Using Resting-State Functional Connectivity Within the Basal Ganglia as a Biomarker for Symptoms of Parkinson’s Disease


Neal Modi*, Tianlin Yuan*, Dr. Todd Parrish**, Dr. Xue Wang**, Dr. Darren Gitelman**

* Illinois Mathematics and Science Academy

** Northwestern University, Feinberg School of Medicine, Department of Radiology


Parkinson’s disease (PD) is a chronic movement disorder that occurs when nigrostriatal dopaminergic neurons within the Basal Ganglia Network (BGN) are damaged or destroyed, causing motor and cognitive disabilities. Motor disabilities can be measured by the Unified Parkinson’s Disease Rating Scale (UPDRS-III). PD currently has no cure, so the discovery of a biomarker is vital for successful clinical trials and accurate early diagnosis. This study looks at the potential of using functional connectivity in the BGN as a biomarker for symptoms of PD. Data from 73 subjects were downloaded from the Parkinson’s Progression Markers Initiative (PPMI) and analyzed for functional connectivity values using a seed based method analysis. The values were correlated with UPDRS-III scores, taking into consideration the effects of age, site, education, and gender. There was a significant correlation between functional connectivity between the left and right caudate and the UPDRS-III sub-score for rigidity. Patients with reduced connectivity received higher rigidity scores, demonstrating a more severe case of PD. Thus, results from this study indicate potential for functional connectivity within the basal ganglia to serve as a biomarker for the progression of specific symptoms of PD.

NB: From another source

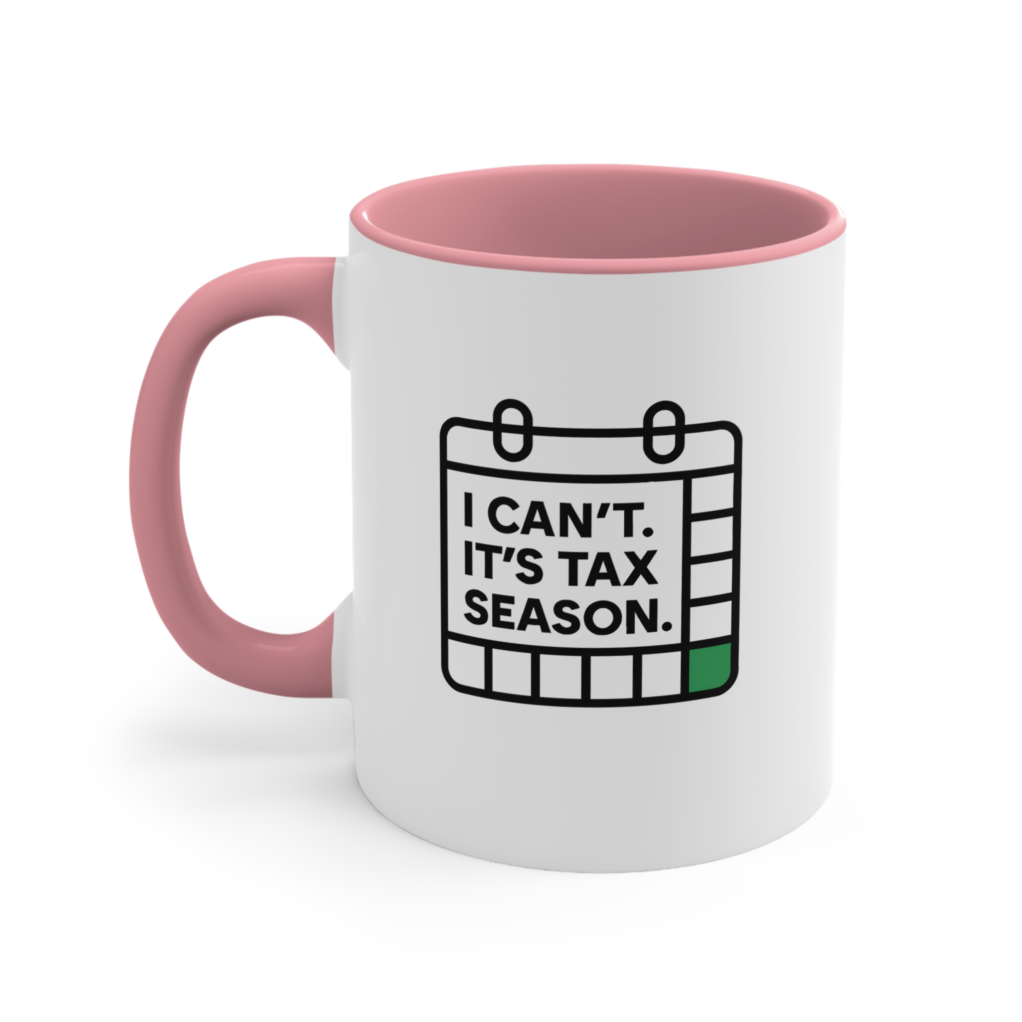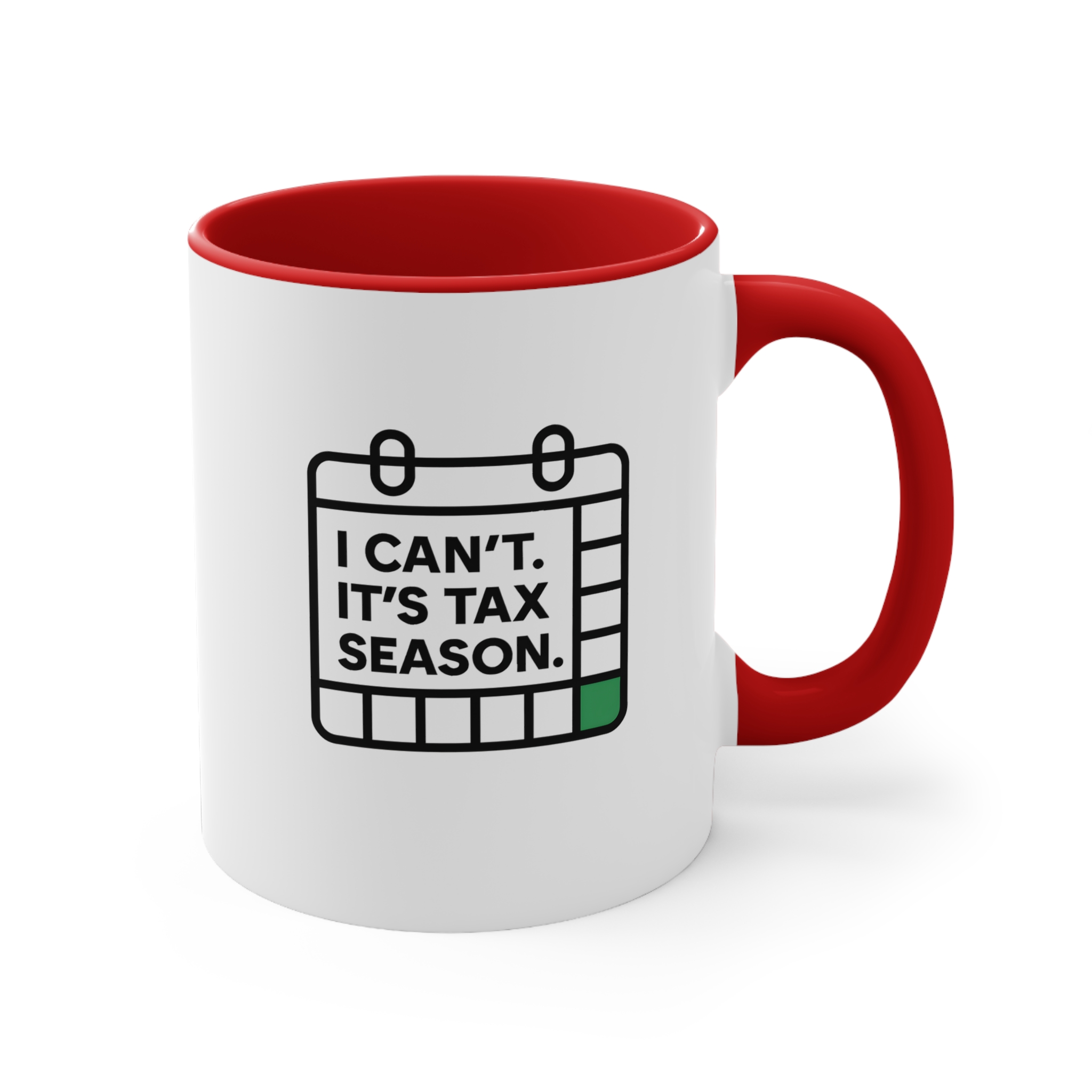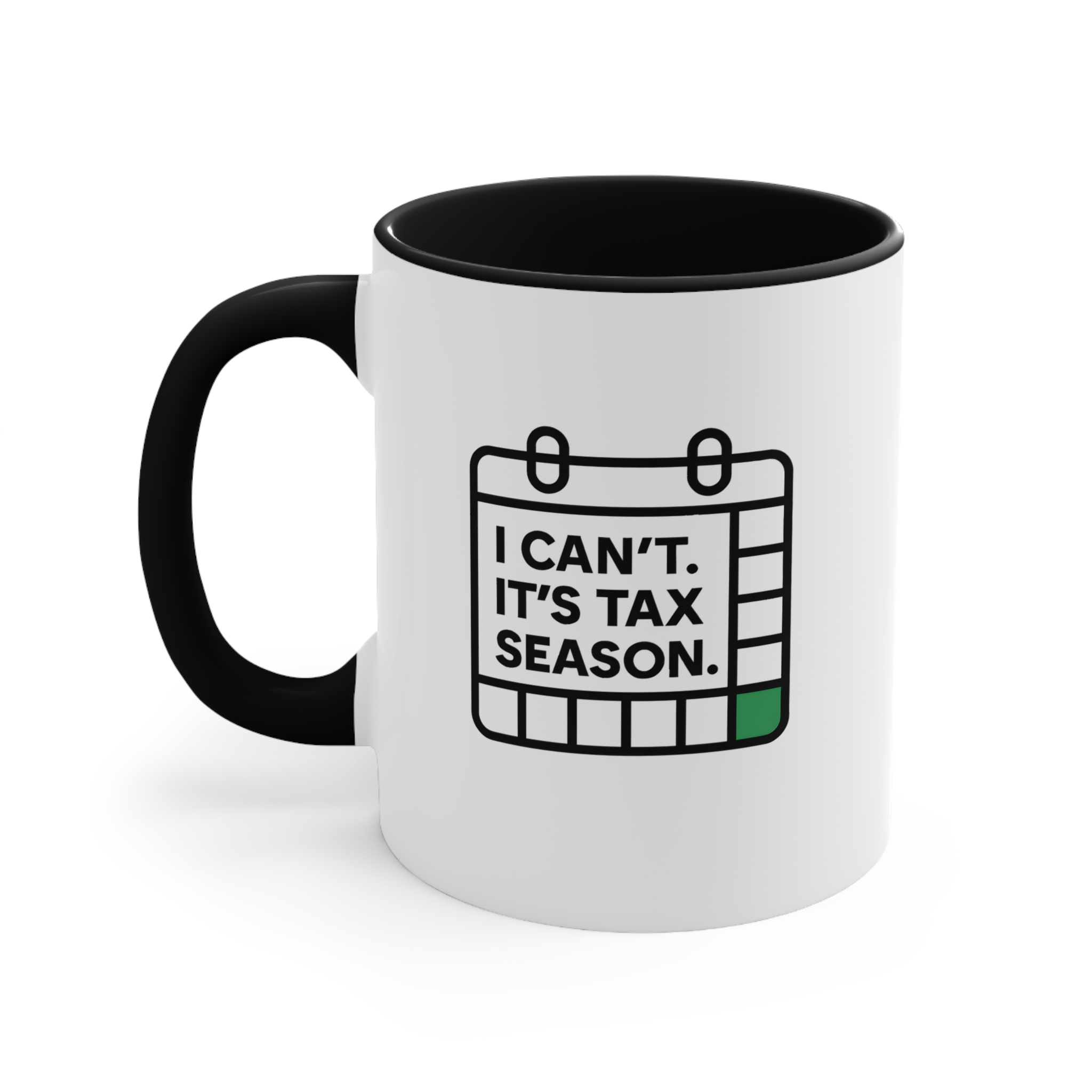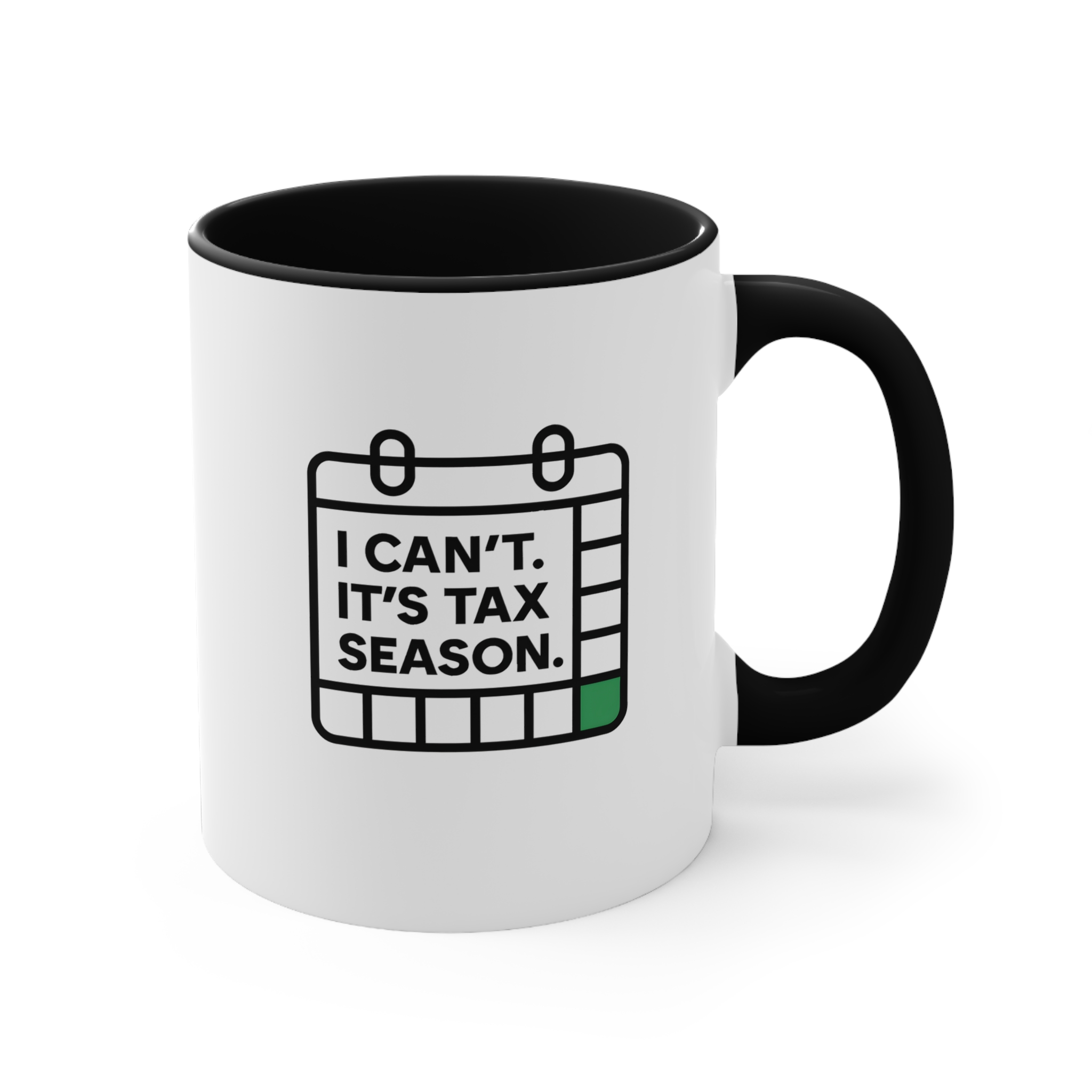 Deadlines approaching? Caffeine levels rising? This “I Can’t. It’s Tax Season.” mug gets it. Featuring a minimalist calendar icon with a bold green square marking crunch time, this design speaks for accountants, bookkeepers, and tax pros who don’t have time for anything else — except coffee.

Parkinson’s disease (PD) is a chronic movement condition affecting more than six million people worldwide, making it the world’s second most common neurodegenerative disease (Obeso et al., 2010).  The disease targets nigrostriatal dopaminergic neurons in the brainstem and extends upward to involve cortical and subcortical structures, such as the thalamus and basal ganglia, as the disease progresses. PD’s effect on movement is thought to arise from dopaminergic neuron damage in the substantia nigra and basal ganglia, which includes the caudate and putamen nucleus (Calne et al., 1985). When nigrostriatal dopaminergic neurons within the basal ganglia are damaged or are destroyed, the brain’s supply of dopamine becomes depleted, which induces motor impairments such as tremors, muscular rigidity, lessened balance and coordination, and bradykinesia (Alam & Schmidt, 2002). However, PD patients also demonstrate decreased cognitive aptitude than healthy subjects, which shows that basal ganglia dysfunction not only impacts motor function, but also mental ability (Cools et al., 1984). As the severity of PD progresses, the disease may induce in patients cognitive disorders such as depression, dementia, and severe anxiety (Jin et al., 2014).

Motor symptoms are measured by the third part of the Unified Parkinson’s Disease Rating Scale (UPDRS-III) and cognitive symptoms are measured by the Montreal Cognitive Assessment (MoCA). However, by the time symptoms of PD are detectable by these tests, critical nigrostriatal dopaminergic neurons will have already been damaged (Jin et al., 2014). Existing treatments involve the use of levodopa, which is converted into dopamine, and temporarily alleviate the severity of some motor symptoms (Otsuka et al., 1996). Long term use of levodopa, however, can lead to the development of motor impairment such as dystonia and dyskinesia as well as mental disorders of hallucinations and illusions (Michael J. Fox Foundation for Parkinson’s Research). There is currently no way to repair neurons once they have been destroyed, thus making the discovery of a biomarker crucial. Biomarkers allow an early and accurate diagnosis as well as the objective measuring of disease progression as a response to treatments, which would aid greatly in the process to find a cure (Michael J. Fox Foundation for Parkinson’s Research).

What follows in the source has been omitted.